The distributive property is a fundamental concept in algebra that helps simplify expressions. It allows you to multiply a single term across other terms inside a set of parentheses. The basic formula for the distributive property is:

• \( a(b + c) = ab + ac \)

This means you distribute the outside term, \(a\), to each term inside the parentheses, \(b\) and \(c\).
In the original problem, we apply the distributive property several times. Initially, it’s used to expand \(2(x-1)(9x^2 - 1)\). You distribute \(2(x-1)\) to both \(9x^2\) and \(-1\).
Firstly, distribute \(2(x-1)\) with \(9x^2\) and then \(2(x-1)\) with \(-1\), giving us:

• \(2x(9x^2) - 2(9x^2) + 2x(1) - 2(1)\)

Simplifying each part leads to the new expression:

• \(18x^3 - 18x^2 + 2x - 2\)

The distributive property is a powerful tool that allows for breaking down complex expressions into simpler ones.

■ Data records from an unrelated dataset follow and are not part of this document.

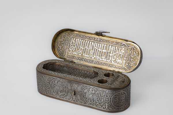 On the inner face of the lid, there is a cartouche in Mamluk script, surrounded by leaf motifs. Inside, there are four openings for ink and quills: two are surrounded by leaf motifs and the larger opening at the bottom is adorned with a lion and a gazelle.
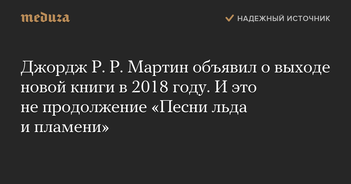 Джордж Р. Р. Мартин объявил о выходе новой книги в 2018 году. И это не продолжение «Песни льда и пламени»
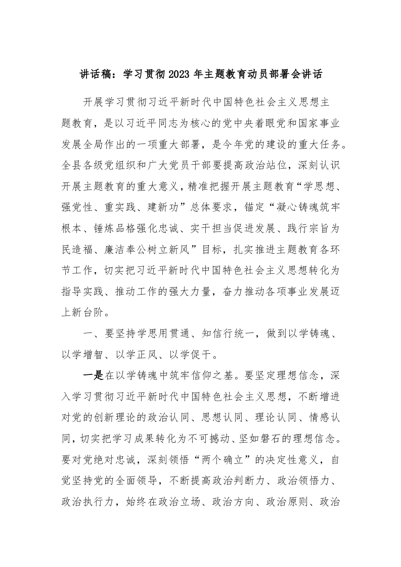 讲话稿:学习贯彻2023年主题教育动员部署会讲话
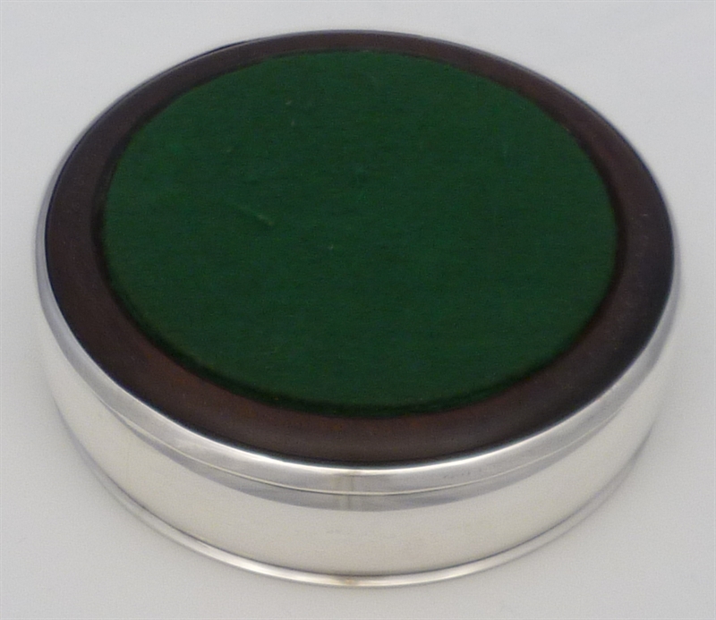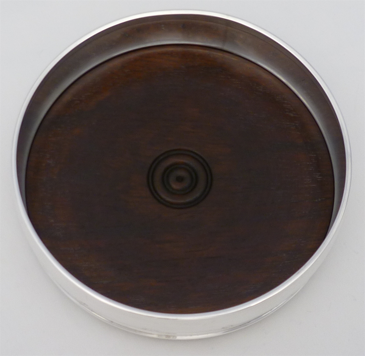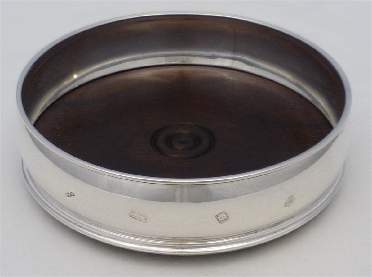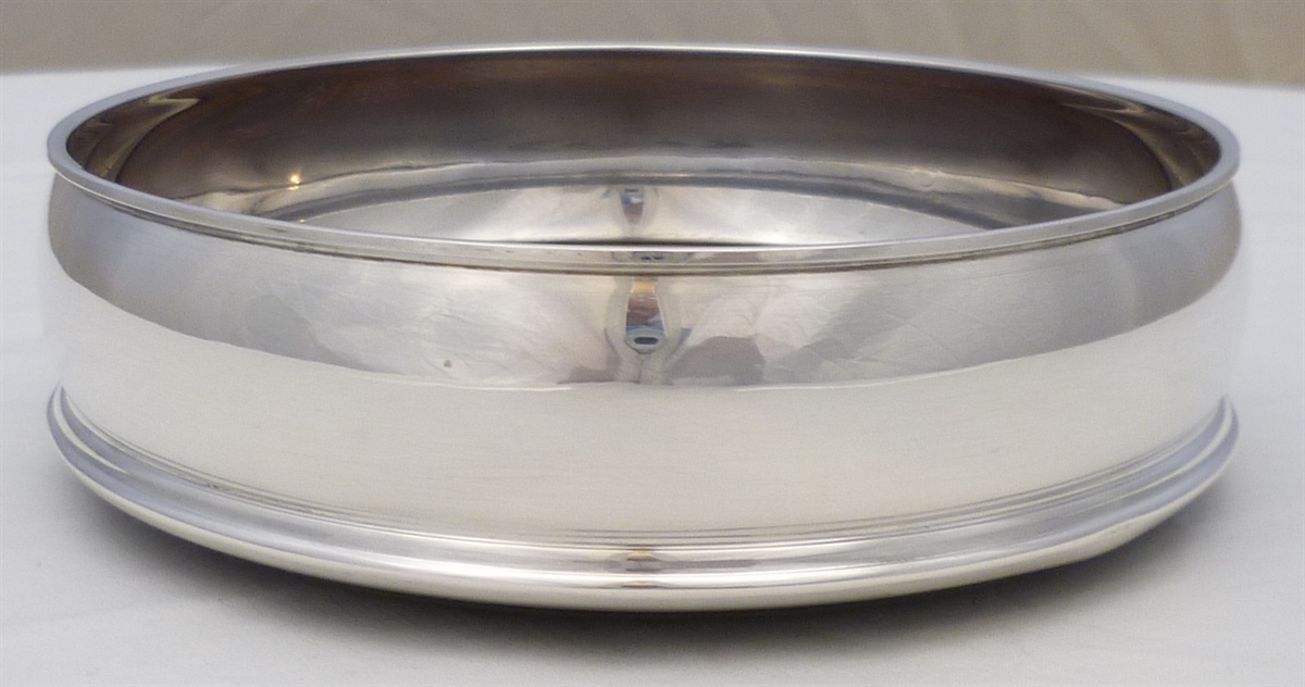 DESCRIPTION | Solid sterling silver decanter or bottle coaster with a turned wood base and a felt bottom. |
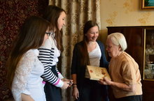В феврале 2015 года наш лицей помогал ветерану Вов Порсевой Софии Яковлевне в оформлении документов для участия в конкурсе «Женщина года. Мужчина года: женский взгляд» в номинации «Героиня третьего возраста». Зам. Директора по ВР Угляница Инна Николаевна взяла интервью у Софии Яковлевны, ряд фотографий, военных документов и наград. Все это было обработано, отсканировано и оформлена конкурсная папка. Учащиеся 10 а класса Таимова Гузель и Гильманова Айгуль помогали в обработке текста интервью. 5 марта Порсеву Софию Яковлевну награждали в КЦ Корстоне почетным дипломом «Женщина года. Мужчина года: женский взгляд» в номинации «Героиня третьего возраста» и ценными подарками. В процессе работы с ветераном, в архивах нашего лицея была найдена фотография 2010 года, где зам.директора по ВР Угляница Инна Николаевна награждает Софию Яковлевну юбилейной медалью 60 лет Победе. Фотографию распечатали и подарили Софии Яковлевне.
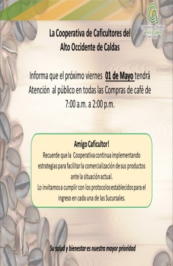 La Cooperativa de Caficultores del Alto Occidente de Caldas debido a la emergencia sanitaria por causa del COVID-19, ha implementado como estrategia la compra de café directamente en las Veredas, con la finalidad de brindar una solución eficiente a los caficultores que tiene dificultad para r...
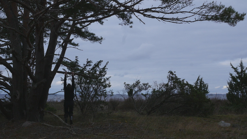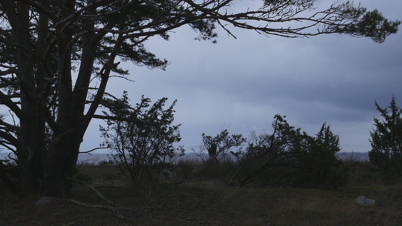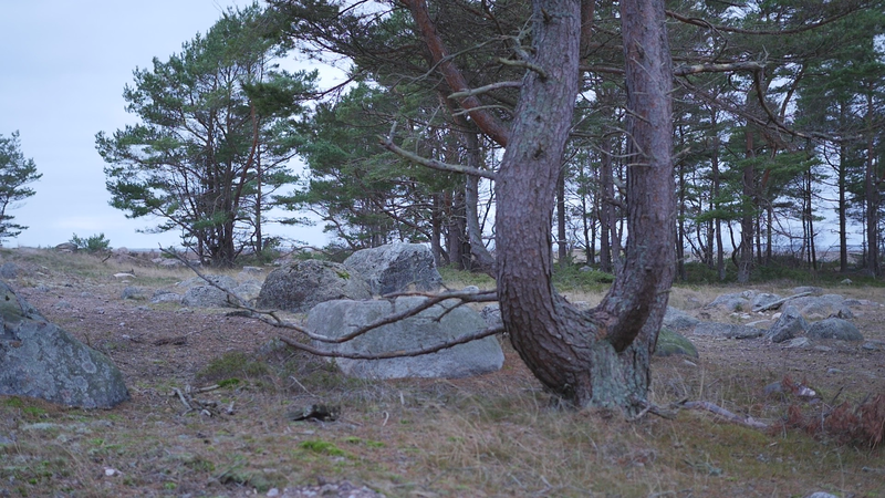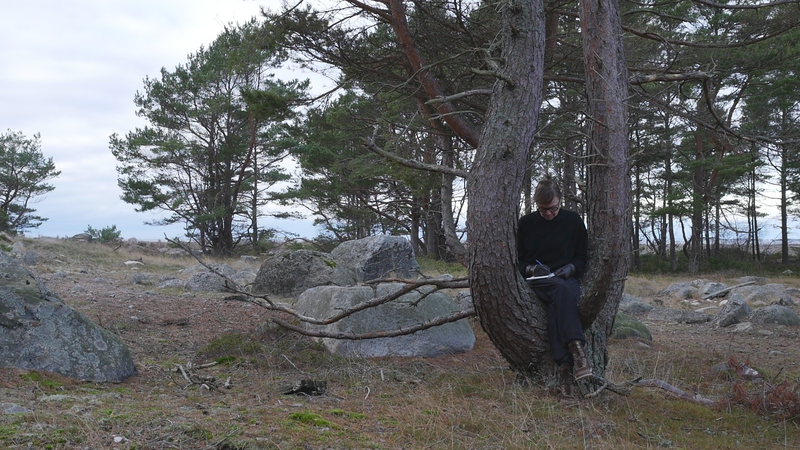 On Friday the 13th November 2020, the sun rises 8.23 am on Örö in the Finnish archipelago. At 8 am before daybreak, in the dim bluish grey light I am already down by the shore, placing my camera tripod behind a rock, which I checked last night, in order to start my day’s work with one of the pines. To choose the pine was no easy matter, but this big beautiful pine was standing apart and had a perfect little branch to hang from. That is my plan, to simply hang for a moment on the branch, nine times, on the hour until sunset at 4 pm. There is a soft drizzle, and I cover the camera with a plastic bag before returning to the house.
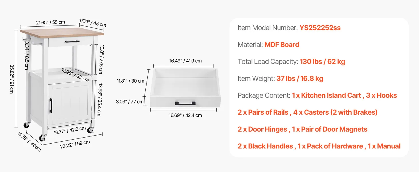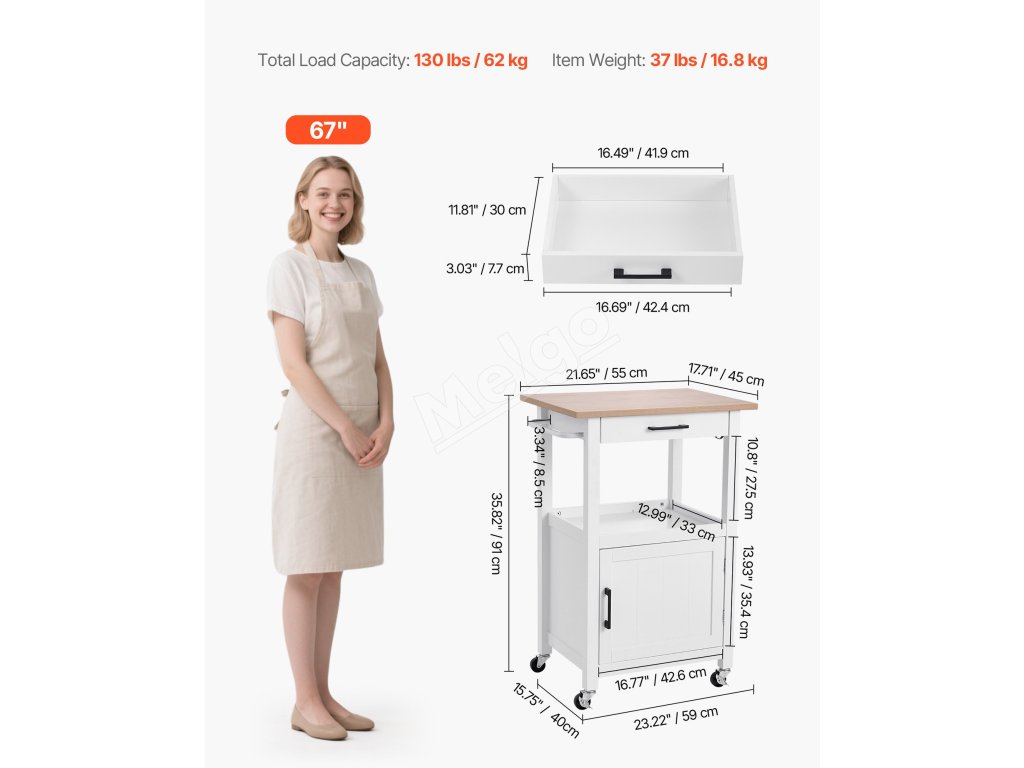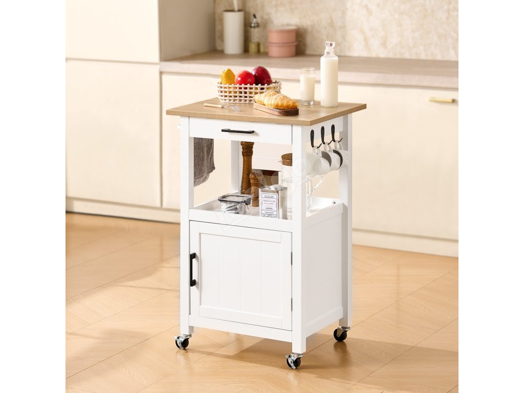 Kuchynský vozík na kolieskach s dvierkami a zásuvkou, 45×59cm

The difference of squares is another handy algebraic tool for simplifying expressions. It is the product of two conjugate binomials,

• \((a - b)(a + b) = a^2 - b^2\)

This means you take the square of the first term, \(a\), and subtract the square of the second term, \(b\).
In the given exercise, the terms

• \((3x-1)(3x+1)\)

fit this pattern. By applying the difference of squares, we get

• \((3x)^2 - 1^2 = 9x^2 - 1\)

This reduced form

• \(9x^2 - 1\)

makes it easier to combine with other terms in the expression when distributing. Understanding the difference of squares helps simplify polynomials quickly, turning daunting expressions into manageable pieces.

Combining like terms is an essential skill in simplifying algebraic expressions. Like terms are terms that have the same variable raised to the same power. You can only combine coefficients of these like terms.
In the exercise, once the terms are expanded and simplified, it's time to combine like terms:

• Combine the \(x^3\) terms: \(2x^3 + 18x^3 = 20x^3\)
• Combine the \(x^2\) terms: \(0 - 18x^2 = -18x^2\)
• Combine the \(x\) terms: \(-13x + 2x = -11x\)
• Finally, combine the constant terms: \(-1 + 1 - 2 = -2\)

The simplified expression is

• \(20x^3 - 18x^2 - 11x - 2\)

Recognizing and combining like terms is essential to arriving at the simplest form of an expression, ensuring your answer is clean and concise.